Suppose healthcare rises 2% on Day 1 and falls 2% on Day 2, a round trip. The sector returns to its starting point. CURE rises 6% on Day 1 (3 times 2%), then is rebalanced and falls 6% on Day 2. The sector returned 0%; CURE returned −0.36% (a 6% gain on the leverage amount, then a 6% loss on a larger balance). This is volatility decay: when an underlying asset swings around without trending, daily rebalancing of a leveraged fund drags its performance down.
The decay accelerates with volatility. In periods of wild sector swings, CURE loses value even if the sector ends the month where it started. This is why the fund’s prospectus, fact sheet, and Direxion’s own marketing material emphasize that CURE is not suitable for buy-and-hold investors. Trading it as a multi-week or multi-month holding is not using the tool as intended; it is accepting a hidden tax on volatility that has nothing to do with the fund’s stated objective.
Why someone would trade CURE
The audience is narrow: portfolio managers and traders who operate within a single trading session and want to amplify a directional bet in healthcare. A quantitative hedge fund might use CURE to gain quick exposure during a healthcare-friendly news cycle, then unwind the position before the market close. A day trader convinced that healthcare will pop 0.5% might buy CURE to capture a 1.5% move instead.
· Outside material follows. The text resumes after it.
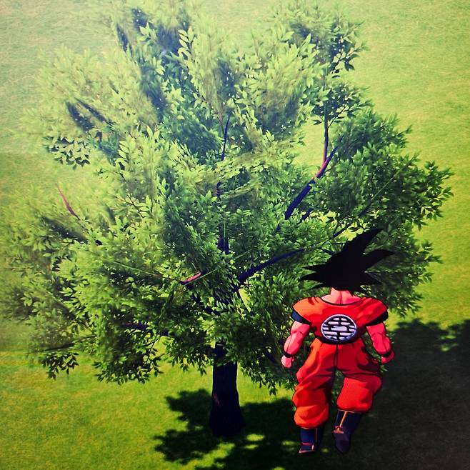 내가 컨트롤 하는 사물 (손오공)은 제 눈앞에 있는것처럼 3D로 보여지며 나무 같은 풍경 및 배경 입체물은 멀게 보여졌습니다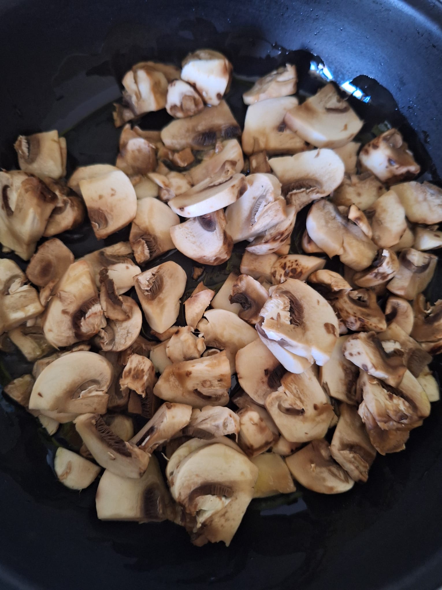 Lava el calabacín y la berenjena, corta en cubos pequeños y cocina en una sartén con un poco de aceite a fuego medio-bajo. Limpia los champiñones y corta en láminas. Agrega a lo anterior cuando estén medio cocinados.

An options trader might pair CURE with outright stock positions to dynamically adjust sector exposure in real time.
For any of these uses, CURE’s liquidity and tight intraday tracking of its leverage mandate make it a reasonable tool. The bid-ask spread (the cost of entry and exit) is wider than ordinary equity ETFs—a typical leveraged fund might spread 0.05% to 0.20% wide—but for a one-day position, that cost is absorbed in the expected return.
The risks and hidden costs
The first risk is the one above: volatility decay. Holding CURE beyond its intended single-trading-day horizon is mathematically doomed in any sideways or choppy market. That is not a failure of the fund; it is a failure of the strategy.
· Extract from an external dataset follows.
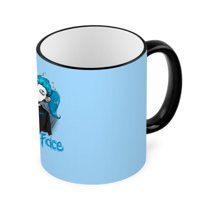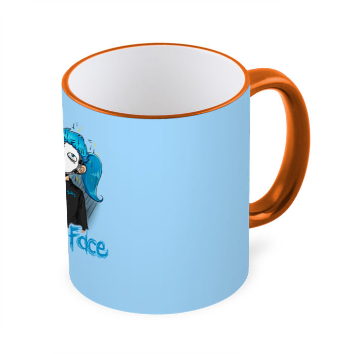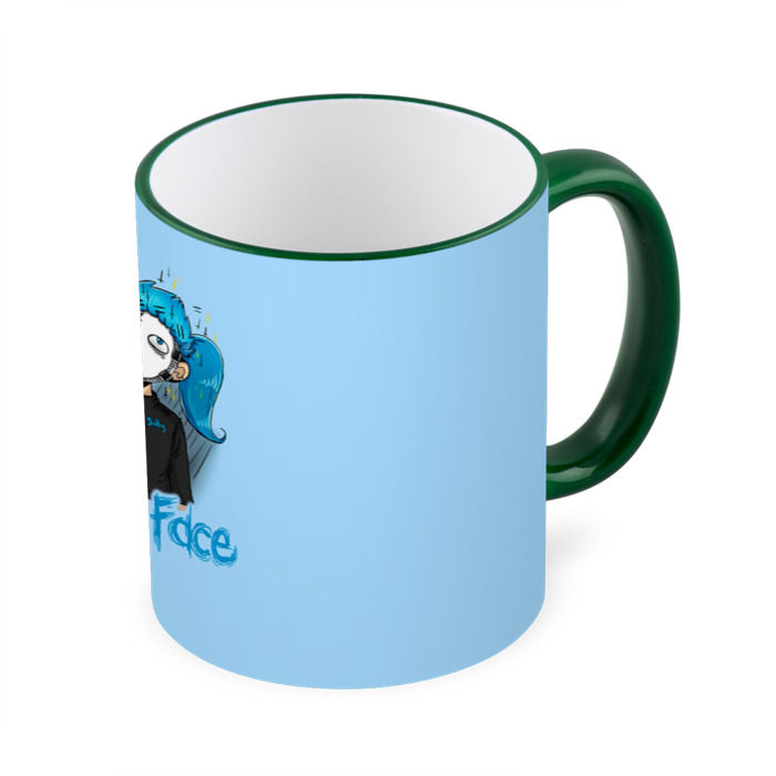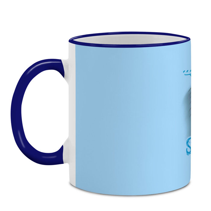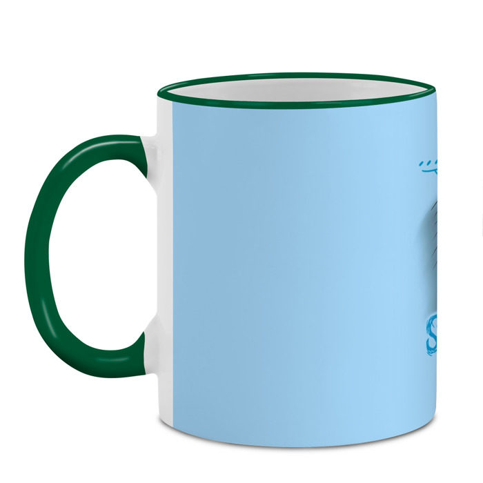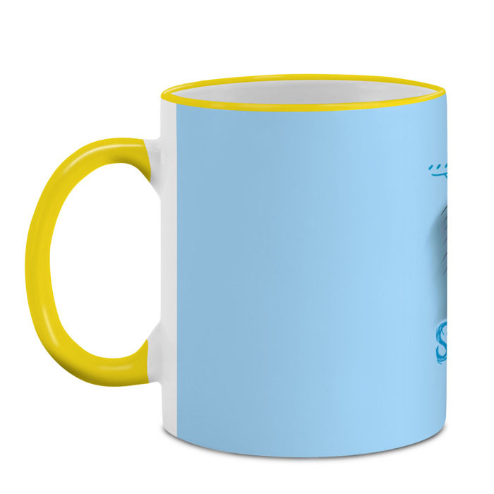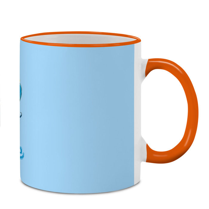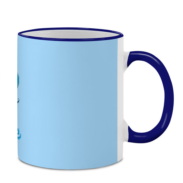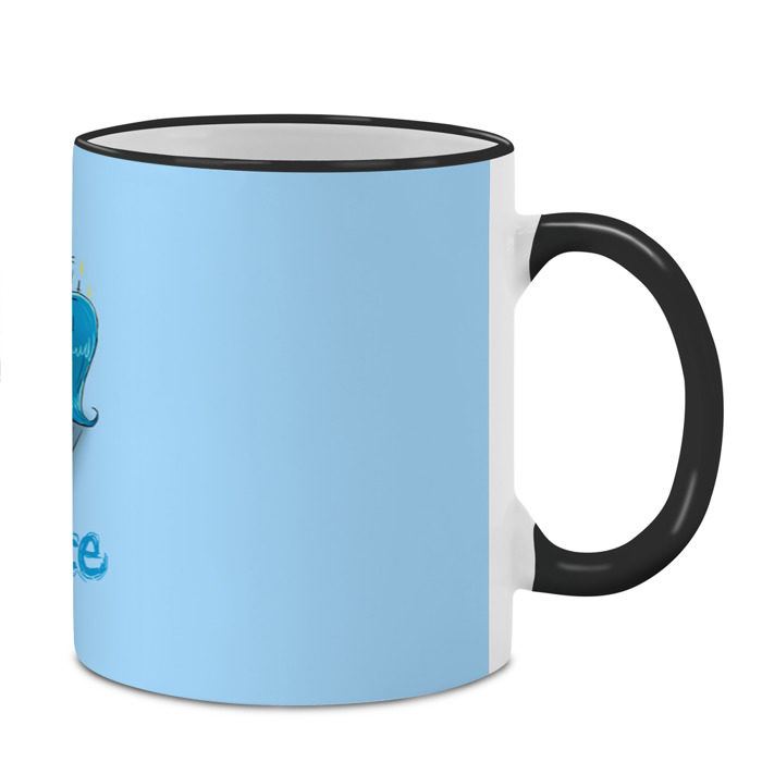 Кружка с принтом, который наносится по всей внешней поверхности, кроме прямоугольника у ручки. У кружки цветной ободок сверху и ручка. Можно заказать со своим дизайном.

The second is fees. CURE’s expense ratio of roughly 0.95% per year is extraordinarily high compared to a plain healthcare ETF, which might charge 0.10% to 0.40%. That fee alone is a powerful argument against holding the fund for weeks or months. But the true all-in cost is higher: the daily rebalancing generates trading costs (commissions, bid-ask slippage, market impact) that show up in the fund’s daily price but not in the stated expense ratio. Over a year, the total drag can be several percentage points.
The third is the leverage itself. If the healthcare sector plunges 10% in a single day—a tail-risk scenario, but not impossible in a major crisis—CURE would fall 30%. A 30% loss in a single day would wipe out three years of calm returns for a buy-and-hold investor. That is the price of the amplification: catastrophic downside on bad days.
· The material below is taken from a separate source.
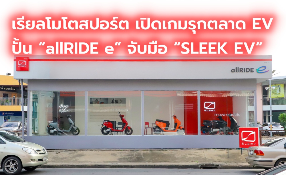 เรียล โมโตสปอร์ต เปิดเกมรุกตลาด EV ปั้น “allRIDE e” จับมือ “SLEEK EV” เปิดแฟลกชิปสโตร์แห่งแรกในกรุงเทพฯ ย่านวัชรพล อัดโปรแรง! ออกรถ 0 บาท ลดสูงสุด 20,000 บาท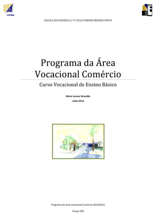 Este documento apresenta o programa da área vocacional de Comércio para o ano letivo de 2014/2015 de uma escola secundária. O programa destina-se a alunos com dificuldades de aprendizagem e pretende dotá-los de competências para o mercado de trabalho, como gestão de stocks, atendimento ao cliente e procedimentos administrativos. É constituído por 4 módulos focados em stocks, atendimento, pós-venda e documentação comercial.

The fourth is slippage in rebalancing. When CURE rebalances daily, it must trade in and out of derivative positions, moving the market slightly. In illiquid periods or large market dislocations, that rebalancing can cause the fund to lag its stated leverage target, a phenomenon called tracking error. During a crisis, when you most want the leverage to work, it may fail partially.
Who CURE is for and who it is not for
CURE is for a trader with a specific, intraday directional thesis about healthcare and the sophistication to understand leverage, daily rebalancing, and volatility decay. It is not for a retirement account, not for a long-term portfolio, and not for anyone who does not understand the math of compounding losses in a down market.
To research CURE further, read the prospectus and fact sheet on Direxion’s website, which spell out the daily reset mechanism and the volatility-decay risk plainly. The SEC’s Office of Investor Education and Advocacy also publishes materials on leveraged ETF risks. Search the fund’s actual holdings and daily returns over a multiweek period to develop an intuition for how much slippage and decay occur outside of single-trading-day swings.